ISSN 0439-755X
CN 11-1911/B

›› 2010, Vol. 42 ›› Issue (03): 434-442.

Previous Articles    

Test Equating with Testlets

WU Rui;DING Shu-Liang;GAN Deng-Wen   

  1. (1Computer Information Engineer College, JiangXi Normal University, Nanchang, Jiangxi 330022, China)
    (2East China JiaoTong University Library, Nanchang, Jiangxi 330013, China)
  • Received:2008-09-26 Revised:1900-01-01 Published:2010-03-30 Online:2010-03-30
  • Contact: DING Shu-Liang

Abstract: The research on test equating is very important for fairness of examnation, item banking, teaching quality assessing and computerized adaptive test. Along with the development of research on examination, testlets have appeared in different examnations increasingly, such as reading comprehension, mathematics, map etc. How to equate tests composed of testlets is a problem we are facing. When item response theory (IRT) models are applied in test equating, strong statistical assumptions—local independence (LI)—must be met. However, previous studies have shown that local independence is likely to be violated when testlets are contained in test. Hence, when equating tests composed of testlets, that local dependence is ignored can lead to distortion of equating coefficients using standard IRT model.
In order to solve this problem, we use a testlets-based model—2 Parameters Testlet Model (2PTM), which derives from IRT 2 Parameters Logistic Model by adding random-effect parameters associated with each testlet.
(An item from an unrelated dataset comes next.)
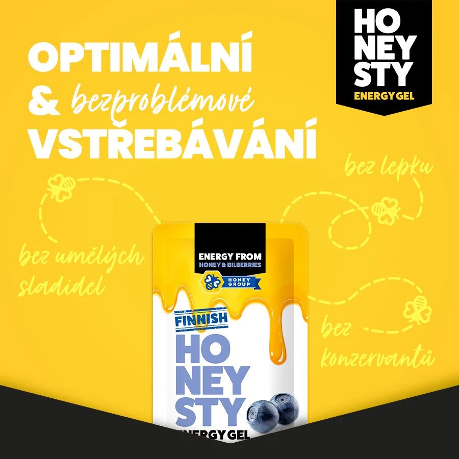HONEYSTY = SÍLA, ČISTOTA A JEMNOST FINSKÉHO MEDU HONEYSTY = UNIKÁTNÍ ENERGETICKÝ GEL ŠETRNÝ K ŽALUDKU HONEYSTY = 100% NATURÁLNÍ VOLBA

Local dependence is considered in 2PTM. IRT characteristic curve equating methods and specific procedures for calculating equating coefficients were presented in this paper. In terms of the recovery of estimating the equating coefficients and based on Wilcoxon sign-rank test, a lot of experiments was done using Monte Carlo simulation method. The effectiveness of equating tests containing testlets was investigated under the several conditions, including the accuracy of the estimation of item parameters (AEIP), the number of examinees and the degree of local dependence. The findings of equating tests made up of testlets using 2PTM were compared with standard IRT model—2PLM, which not account for local dependence among items from a common testlet.
Results suggest that 2PTM is better than 2PLM in recovery and have significant differences mostly, so 2PTM is suitable for equating tests based testlets. In addition, the findings of using six different equating criterions for 2PTM were also compared with each other. The results showed that, generally speaking, when the value of the coefficient A is between 0.5 and 0.9, the performance of SLcrit is the best, SQRcrit is proper for 0.9<A<1.5 and Hcrit is proper for 1.5<A<2.0. The higher AEIP is, the better SQRcrit and SLcrit perform. Hcrit and SQRcrit are proper for large testlet effect. LCcrit, Wcrit and SREcrit are rarely better than others.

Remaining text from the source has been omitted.